*** DATA BLOCK ***

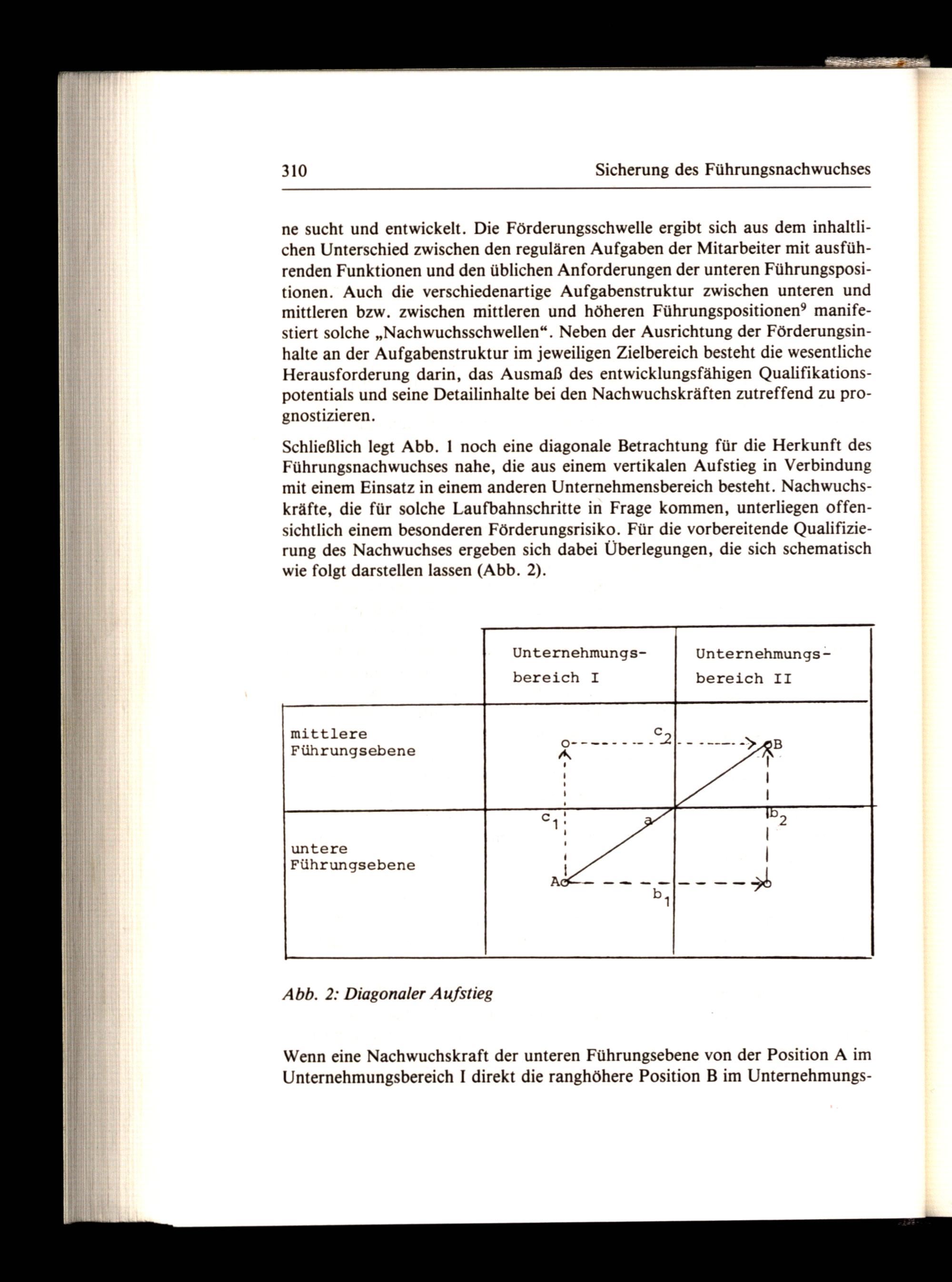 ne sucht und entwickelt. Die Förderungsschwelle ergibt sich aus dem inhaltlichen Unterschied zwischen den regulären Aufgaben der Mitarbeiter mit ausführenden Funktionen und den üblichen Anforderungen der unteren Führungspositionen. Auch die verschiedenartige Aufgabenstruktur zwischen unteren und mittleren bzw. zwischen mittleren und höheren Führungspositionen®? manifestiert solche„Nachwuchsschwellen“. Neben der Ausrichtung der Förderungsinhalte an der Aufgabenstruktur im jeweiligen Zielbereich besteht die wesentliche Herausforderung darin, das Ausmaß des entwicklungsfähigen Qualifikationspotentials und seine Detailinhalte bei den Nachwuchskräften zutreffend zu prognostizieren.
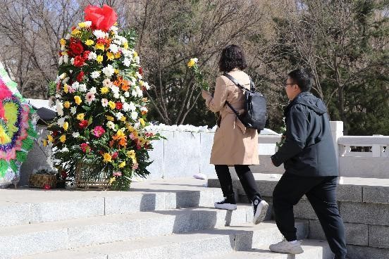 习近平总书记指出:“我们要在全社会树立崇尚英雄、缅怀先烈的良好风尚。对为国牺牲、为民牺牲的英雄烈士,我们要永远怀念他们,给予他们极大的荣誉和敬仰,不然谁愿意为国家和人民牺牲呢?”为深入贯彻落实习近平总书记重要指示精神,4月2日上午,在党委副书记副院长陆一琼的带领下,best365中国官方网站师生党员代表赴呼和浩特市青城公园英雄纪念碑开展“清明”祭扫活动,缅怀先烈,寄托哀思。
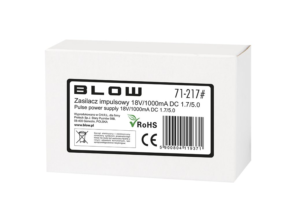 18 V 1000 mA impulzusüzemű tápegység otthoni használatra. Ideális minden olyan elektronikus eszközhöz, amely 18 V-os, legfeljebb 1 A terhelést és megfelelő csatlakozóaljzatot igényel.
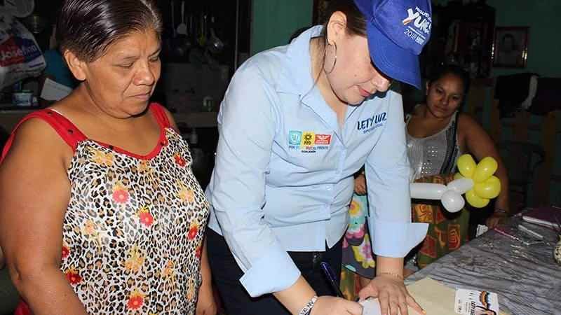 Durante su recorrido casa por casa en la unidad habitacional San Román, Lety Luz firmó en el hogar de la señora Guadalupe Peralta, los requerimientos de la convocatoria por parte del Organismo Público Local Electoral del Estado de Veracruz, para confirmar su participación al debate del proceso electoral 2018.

*** End of DATA BLOCK ***

Repeat the listing above in full, exactly, and omit its pictures.

→ EXERCISE ANSWER
 ne sucht und entwickelt. Die Förderungsschwelle ergibt sich aus dem inhaltlichen Unterschied zwischen den regulären Aufgaben der Mitarbeiter mit ausführenden Funktionen und den üblichen Anforderungen der unteren Führungspositionen. Auch die verschiedenartige Aufgabenstruktur zwischen unteren und mittleren bzw. zwischen mittleren und höheren Führungspositionen®? manifestiert solche„Nachwuchsschwellen“. Neben der Ausrichtung der Förderungsinhalte an der Aufgabenstruktur im jeweiligen Zielbereich besteht die wesentliche Herausforderung darin, das Ausmaß des entwicklungsfähigen Qualifikationspotentials und seine Detailinhalte bei den Nachwuchskräften zutreffend zu prognostizieren.
 习近平总书记指出:“我们要在全社会树立崇尚英雄、缅怀先烈的良好风尚。对为国牺牲、为民牺牲的英雄烈士,我们要永远怀念他们,给予他们极大的荣誉和敬仰,不然谁愿意为国家和人民牺牲呢?”为深入贯彻落实习近平总书记重要指示精神,4月2日上午,在党委副书记副院长陆一琼的带领下,best365中国官方网站师生党员代表赴呼和浩特市青城公园英雄纪念碑开展“清明”祭扫活动,缅怀先烈,寄托哀思。
 18 V 1000 mA impulzusüzemű tápegység otthoni használatra. Ideális minden olyan elektronikus eszközhöz, amely 18 V-os, legfeljebb 1 A terhelést és megfelelő csatlakozóaljzatot igényel.
 Durante su recorrido casa por casa en la unidad habitacional San Román, Lety Luz firmó en el hogar de la señora Guadalupe Peralta, los requerimientos de la convocatoria por parte del Organismo Público Local Electoral del Estado de Veracruz, para confirmar su participación al debate del proceso electoral 2018.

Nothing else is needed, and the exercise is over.